The New Directions set of three Jackson family numbers was favorably reviewed by most critics, though they didn't necessarily agree on which songs were most effective. Bell couldn't decide whether she enjoyed these three songs or the Troubletones mash-up more, and West felt the "choreography on the whole thing was stellar", and graded it an "A+". Votta singled out "ABC", which demonstrated "what a lovely singer Tina is", and Kubicek said he enjoyed it "mostly because Tina deserves more singing time, and I love the fact that Mike is now an actual singer who gets his own solos". Chaney called it "a solid performance" and gave it a B+, while Futterman wrote that it "felt like a flashback to the New Directions' group performances of yesteryear, when it was all about an over-the-top, feel-good attitude". The dancing in "Control" was highlighted in many reviews: Hyman and Slezak were complimentary, but Chaney wrote that the "choreography seemed a little awkward and occasionally out of sync", that it was "the least effective of the three Jackson numbers" and added that for her "this felt dated when it could have been retro-fresh"; she graded the song a "C". However, Futterman made mention of the "slick dance moves", and Votta noted that the "jazz band guys" were "holding their own with the background dancing through the whole number". However, for Kubicek, the song "definitely brought down the energy at the middle of their performance". Bell characterized the final song as "an amazing 'Man in the Mirror' cover", and Chaney said it was "the best of their three songs", and gave it an "A−". However, Slezak wrote that it "proved to be a tonally jarring ending to the performance".

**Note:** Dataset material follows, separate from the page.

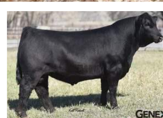
CDI MAINLINE 265D SIRE OF LOTS 15-19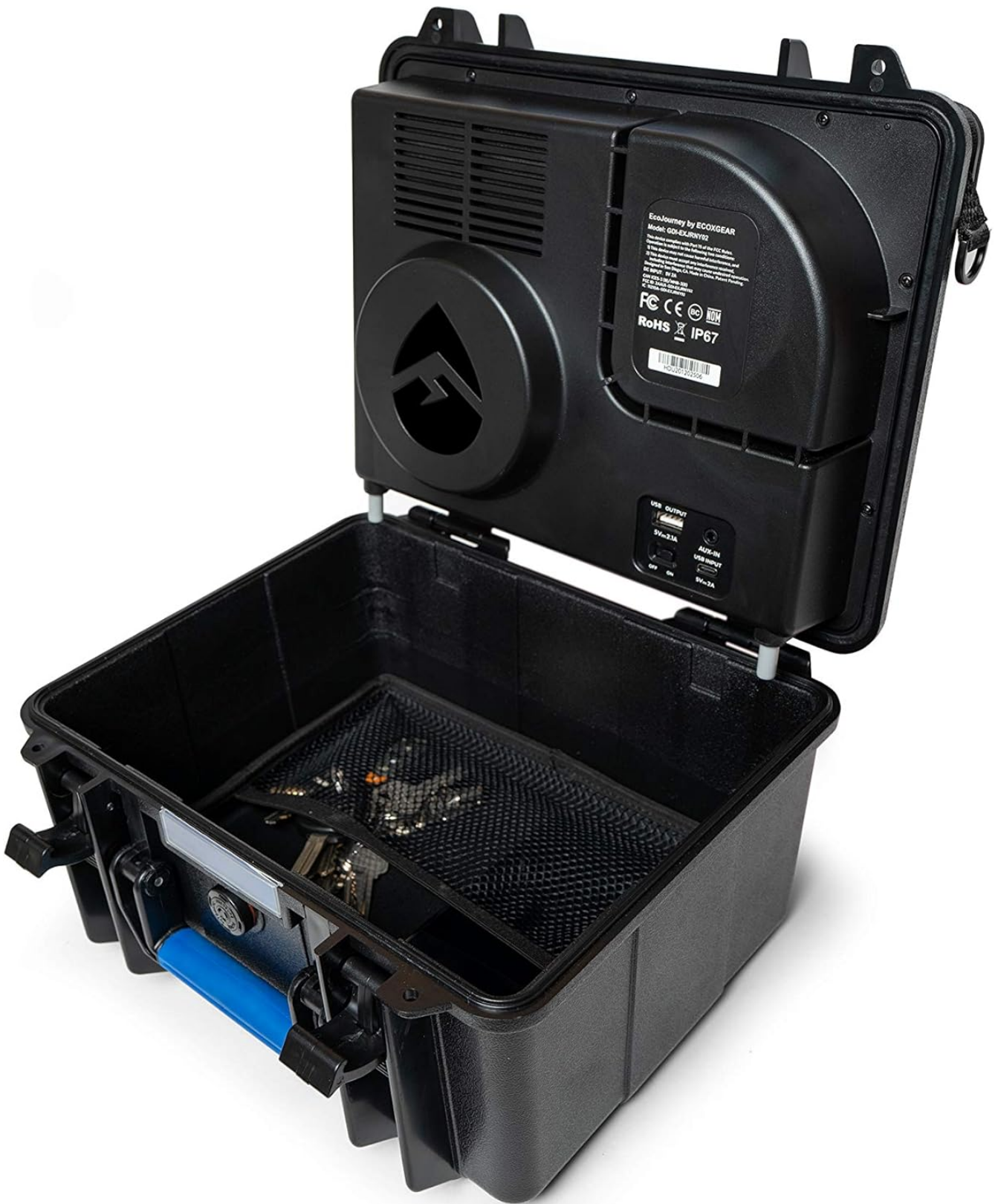
Image: The EcoJourney speaker with its top lid open, revealing the spacious dry storage compartment designed to protect personal items.

"We Are Young" was received with near-universal enthusiasm. Slezak called it "totally joyous fun" and Chaney said it was "the most effortlessly joyful moment of the night"; the two handed out "A−" and "A" grades respectively. Futterman felt it was performed "with silly spirit", and was "another throwback to simpler and successful Glee moments". Hankinson thought it was the best musical number of the night, even if "it was more than a little reminiscent of their performance of 'Dog Days Are Over, but Kubicek thought the earlier song was "a million times better". West called it a "great closing song", and Votta said "the finale singing was the best kind of 'Glee.

===Chart history===

Three of the four singles released from the episode, which included a total of five cover versions thanks to the "Survivor / I Will Survive" mash-up, debuted on the Billboard Hot 100, including the Glee Cast's sixth-highest song ever on that chart as of that date, "We Are Young", which debuted at number twelve on sales of 137,000 downloads in the US. It had a "Hot Shot Debut" on the Canadian Hot 100, and charted higher than in the US at number eleven. As of March 7, 2012, the song had sold "360,000 digital copies". In the United States, the aforementioned "Survivor / I Will Survive" debuted at number fifty-one, and "Red Solo Cup" debuted at number ninety-two; in Canada, the two songs debuted at number forty-seven and number ninety-nine, respectively. In addition, two of three covers from the episode that were only made available on the soundtrack album Glee: The Music, Volume 7—which was released the same day as the episode was broadcast—appeared on the Hot 100: "Man in the Mirror" at number seventy-six, and "ABC" at number eighty-eight. This made a total of five debuts on the Hot 100. The same two songs also appeared on the Canadian Hot 100: "Man in the Mirror" at number eighty-four, and "ABC" at number ninety-three, which also totalled five debuts on that chart. Neither "Buenos Aires" nor "Control" appeared on these US or Canadian charts.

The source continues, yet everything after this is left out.